Urgh this was horrible. I should have taken the opportunity to learn some kind of graph library to do this, but I've spent way enough time looking at it now.

from collections import defaultdict

class RuleParser():

    def __init__(self):
        self.containment_tree = defaultdict(lambda: defaultdict(list))

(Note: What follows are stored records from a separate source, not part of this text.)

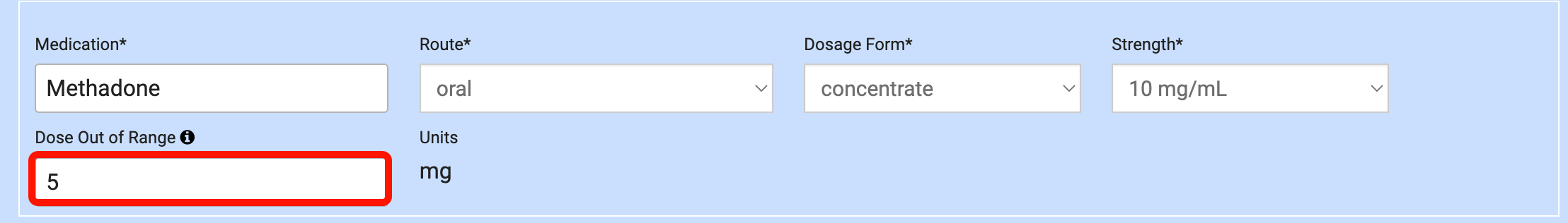 • Dose Out of Range: This field defines the threshold for triggering alerts when there is a significant change in the dosage of a patient’s MAT order. When creating or modifying a MAT order, the system will compare the dosage of the new order with the previous one. If the difference between the two doses is equal to or exceeds the value set in the Dose Out of Range field here, an alert will be triggered when you attempt to save the new order. The alert applies to all medications of the same type, even if they are from different manufacturers.
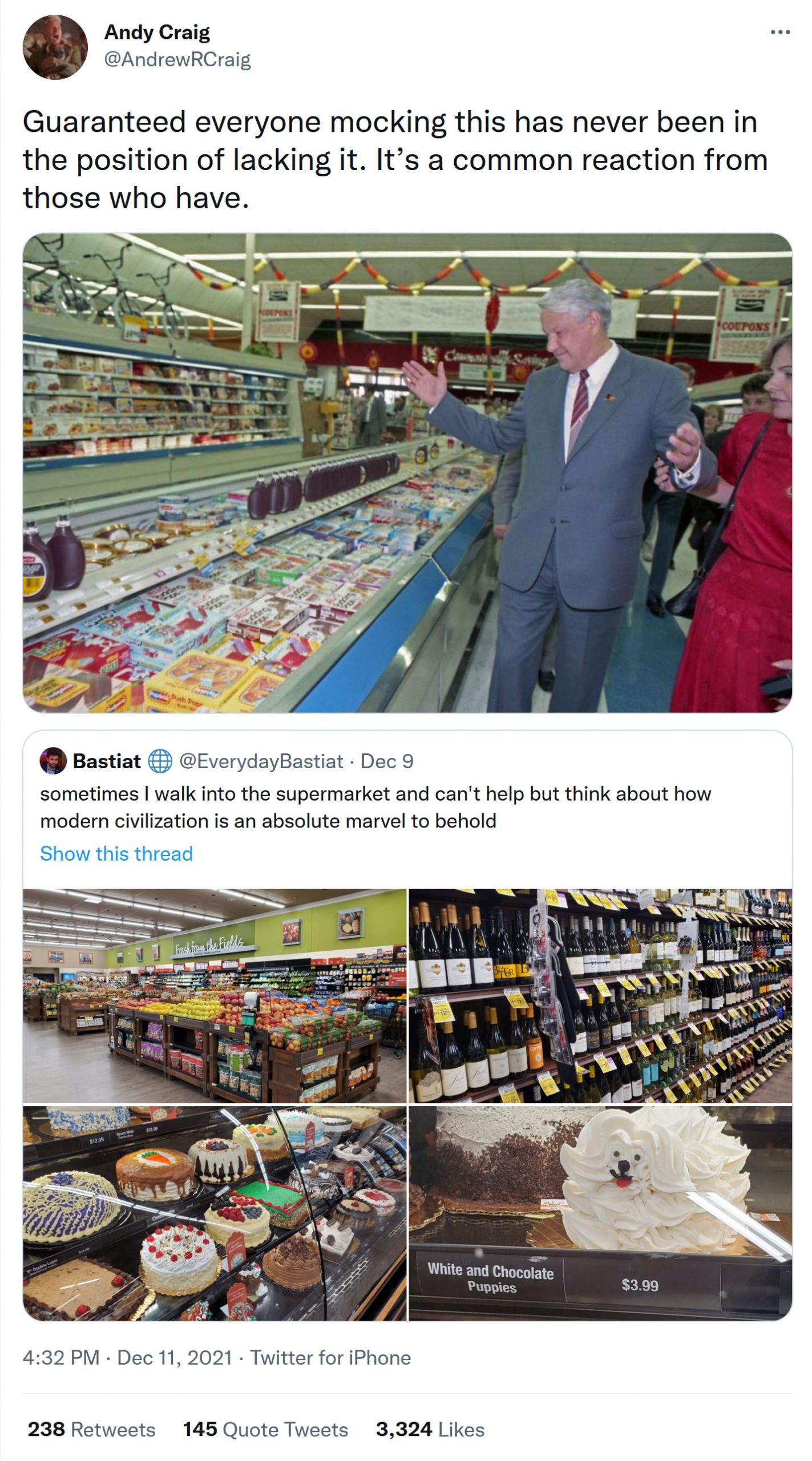 What you see is a miracle. This is the pinnacle of civilization, in its own way. No king in the history of mankind had access to riches like this. Look — here. (picks up box of special expensive gourmet crackers) This is someone’s livelihood. Someone got a loan, started a business, hired people, paid someone to design this, because he or she wanted to make a special cracker, and here it is next to all the other special crackers, and this is just the special cracker department in the cheese department. There’s another special cracker section in the cracker aisle. He might fail, he might win, but you can do that here, you can try. And if someone says why do we need so many cracker choices, this is why. Do you want some governing Cracker Bureau to say no, don’t make crackers, make pretzels. But I don’t want to make pretzels. I want to make crackers. Sorry, we have enough crackers. But I have this new taste. SORRY.
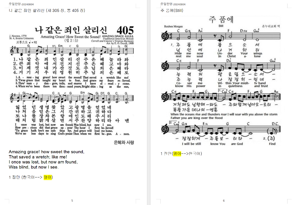 5. 찬송가 - 나 같은 죄인 살리신 Amazing grace (새305장, 통405장)
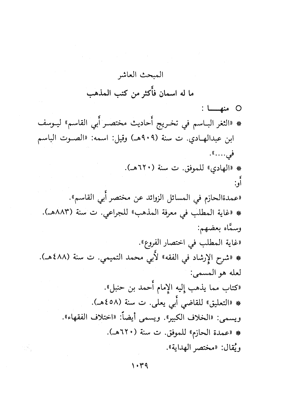 المبحث العاشر: ما له اسمان فأكثر من كتب المذهب
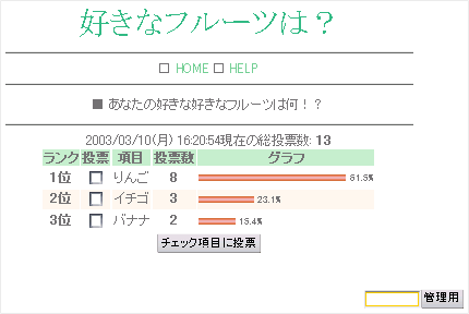このCGIは簡単な投票を行うCGIです。アンケートなどにご利用ください。

    def parse_row(self, row):
        if row.strip()=="": return
        row = row.replace(' bags', '').replace(' bag', '').replace('.','').strip()
        outer, contents = row.split(' contain ')
        content_rules = contents.split(', ')
        for contained_rule in content_rules:
            words = contained_rule.split(' ')
            n = 0 if words[0] == "no" else int(words[0])
            colour = " ".join(words[1:])
            colour = colour if n > 0 else "no other"
            self.containment_tree[outer][colour]=n


    def find_in_subtree(self, target_color):
        outers = set()
        def search_subtree(for_colour):
            for outer in self.containment_tree:
                if for_colour in self.containment_tree[outer]:
                    outers.add(outer)
                    search_subtree(outer)
        search_subtree(target_color)
        return len(outers)


    def _n_in_subtree(self, outer_bag):
        total_children = 1
        for inner_bag in parser.containment_tree[outer_bag]:
            n_this_colour = parser.containment_tree[outer_bag][inner_bag]
            n_children = self._n_in_subtree(inner_bag)
            total_children += n_this_colour * n_children
        return total_children


    def n_in_children(self, outer_bag):
        return self._n_in_subtree(outer_bag)-1


parser = RuleParser()

with open ("input.txt", "r") as input:
    for row in input:
        parser.parse_row(row)

goal_colour = 'shiny gold'
part_1 = parser.find_in_subtree(goal_colour)
print(f"Part 1 solution: {part_1} colours can ultimately contain a {goal_colour} bag")

part_2 = parser.n_in_children(goal_colour)
print(f"Part 2 solution: a {goal_colour} bag has to contain {part_2} other bags")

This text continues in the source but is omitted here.